Innumerable crimes had been committed against the Muslim world, starting with the unjustified war on Iraq that continues to suffer division and unrest until now.
They also include the Israeli barbaric offensives in south Lebanon and Gaza, punishing the citizens there for freely electing powers that Israel and the West have classified as terrorists.
What is more important is that these events and the associated Islamophobia have long cornered Muslims in the defendant position, despite the innumerable crimes and violations that have been practised against them, their places of worship, their Prophet and their Holy Book by different parties in the West.
Before a Danish newspaper published blasphemous cartoons of the Prophet Mohamed, American guards at the notorious Guantanamo Bay detention camp flushed a copy of the Qur'an down a lavatory to upset prisoners, which incident triggered waves of anger in the Muslim world against the West and badly disrupted Muslim-Western relations.
It was only when American President Barack Obama assumed rule that the tone of anti-Muslim campaigns diminished, not because of Obama's Muslim roots, but because of his apparent respect for Islam and Muslims, which he has continued to show since taking office.
Thus, it was shocking for Muslims, especially in Afghanistan to see such shameful acts as exhibiting scorn for the Holy Qur'an by setting fire to some copies of it at an American base near Kabul. Obama's administration has tried to contain the consequence of this action by apologising although America's commander of the Nato forces, General John Allen.
However, things seem to be getting out of control, as hundreds of Afghani protesters besieged the Bagram airbase, about 60 kilometres north of the capital Kabul, chanting "Death to America," and firing stones from slingshots and petrol bombs at the gate of the base.
The US Embassy in Kabul said on Wednesday its staff was on lockdown and all travel was suspended amid violent protests across the capital over the event, as the news agency Reuters reported.

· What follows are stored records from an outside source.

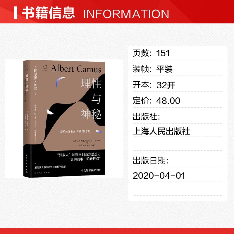 朱佳琪 新柏拉图主义与同时代思想 Camus 理性与神秘 叶仁杰 新华书店正版 阿尔贝·加缪 外国哲学社科 法 图书籍 Albert 译 著
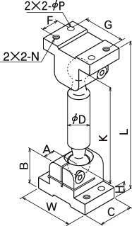 型式 形状 カラー φD A B C W H K L G F 2×2-φP 2×2-M 締付ネジ 耐荷重
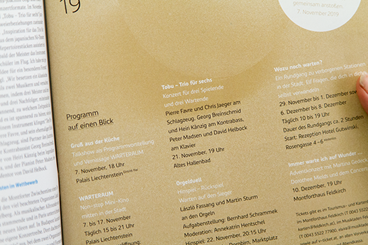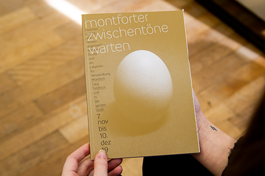 Nach vielen KollegInnen in und ausserhalb Vorarlbergs durften wir heuer das Sujet für das Thema Warten gestalten. Und auf was wartet man mehr, als auf eine Geburt. Doch ein Ultraschallbild war uns zu mystisch. Dann mit Hilfe von Hans-Joachim Gögl kamen wir auf das Ei. Dies wird gebrütet und schlüpft in voller Überraschung und hält der Aufgabe als Bild sehr gut stand. Danke an Elias Riedmann, der das Sujet in die grafische Welt gehievt hat.
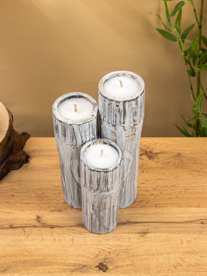 Свеча в бамбуке тройная, 15×13×30 см, 100 мл, серая — Характеристики
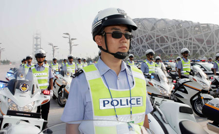 Members of the Beijing Olympic emergency team that deals with traffic situations stand by in front of the National Stadium or "Bird's Nest", July 20, 2008. The Olympic transportation security drill was held in the Beijing Olympic area on the same day. [Xinhua]
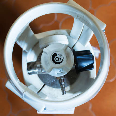 A close-up view of a gas cylinder valve, showing the handle and markings, with a rustic background
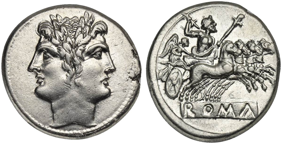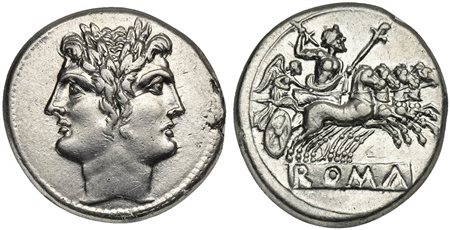 Anonymous, Didrachm - Quadrigatus, Rome, ca. 225-212 BC. AR (g 6,67; mm 22; h 7). Laureate head of Janus, Rv. Jupiter, holding sceptre and thunderbolt, in quadriga r. driven by Victory; incuse ROMA in raised tablet below. Crawford
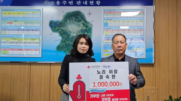 김필선 용주면장은 “매년 이렇게 잊지 않고 지역의 어려운 이웃을 위한 따뜻한 관심과 지원에 감사드리며, 기탁하신 성금은 지역 내 어려운 이웃들에게 잘 전달해 모든 면민들이 행복한 용주면이 되도록 노력하겠다”고 말했다.
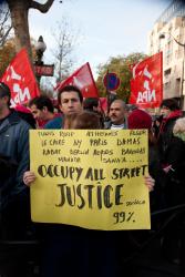 Manifestante brandissant un panneau
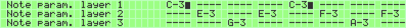Chord tracks are set up length and layer wise just like note tracks. However, in a chord track, parameter layer A is a chord layer instead of a note layer. The chord layer doesn't take normal notes as input, but instead a value from A-P to a-p (plus octave value from 0 to 3), each of which represents a pre-defined chord. The list of the predefined chords is found below.
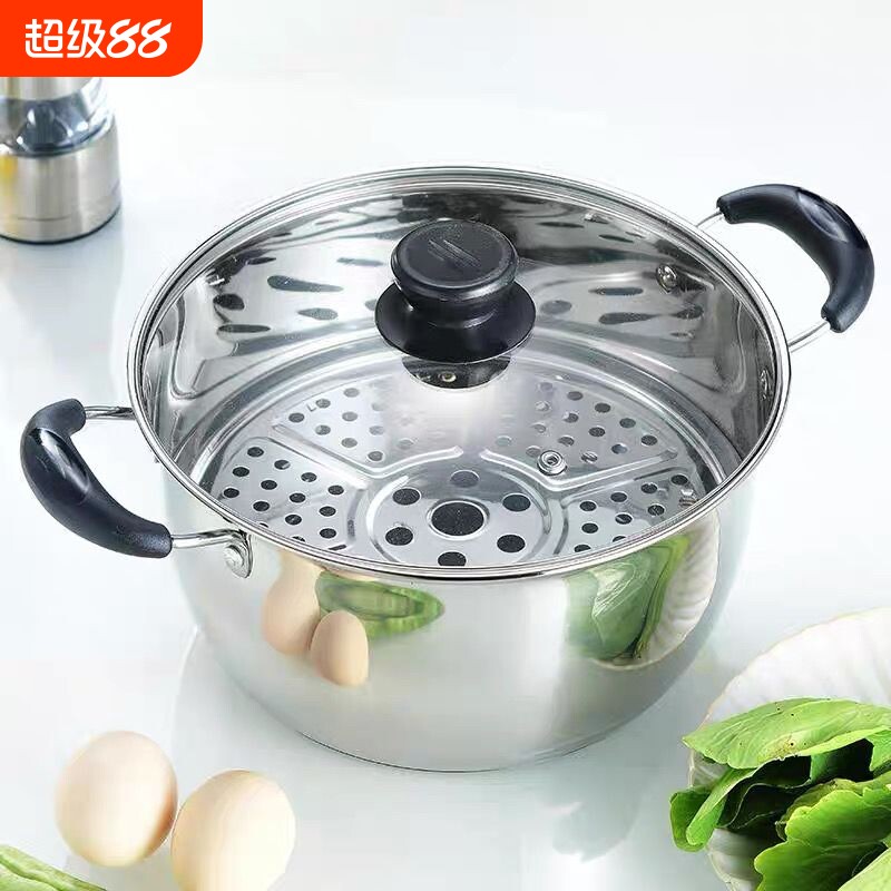 九阳蒸锅家用蒸煮炖锅不锈钢食品级蒸笼汤锅加厚电磁炉燃气灶专用

Commenting on the act, the British Independent newspaper published an editorial on February 22 criticising the repeated American provocative acts targeting the Qur'an.
"The tragedy is that we have been here before, not least last year when a Florida pastor soaked the Muslim Holy book in kerosene and set it alight. At least,10 UN workers were killed in the ensuing protests. Something similar happened after Guantanamo Bay interrogators flushed a Koran down a loo to upset prisoners," the newspaper wrote.
The editoral continued: "Knowing how incendiary such incidents are, one might suppose that huge care would routinely be taken over such sensitivities, particularly in a fiercely conservative Islamic country such as Afghanistan. Apparently not. Will the US never learn?"
In an attempt to contain the Afghan anger, Leon Panetta, the US secretary of defence, described the incident as "deeply unfortunate" in remarks on Tuesday. He echoed his top commander General John Allen's call for "swift and decisive action to investigate this matter".
"These actions do not represent the views of the United States military. We honour and respect the religious practices of the Afghan people, without exception," Panetta said.
The problem lies not in such acts being committed in a Muslim country living under American occupation, which is severely offended by such a disrespectful act, but the repetition of such acts underestimating the reactions of Muslim world.
The huge human and financial casualties the world has suffered because of this enmity between the two fronts should have prompted each party to prevent the occurrence of any further acts, deepening the differences and aborting any attempts at rapprochement.
Moreover, one doesn't need to believe in the Holy book of other people's religion to show respect for them. For example, the Jews who do not believe in the New Testament do not come today and set fire to any copy of the four Gospels.
So why do some Christians disregard the Muslims' belief and disdain their Qur'an, the same book that urges Muslims to show respect for and recognition of Judaism and Christianity as divine religions?!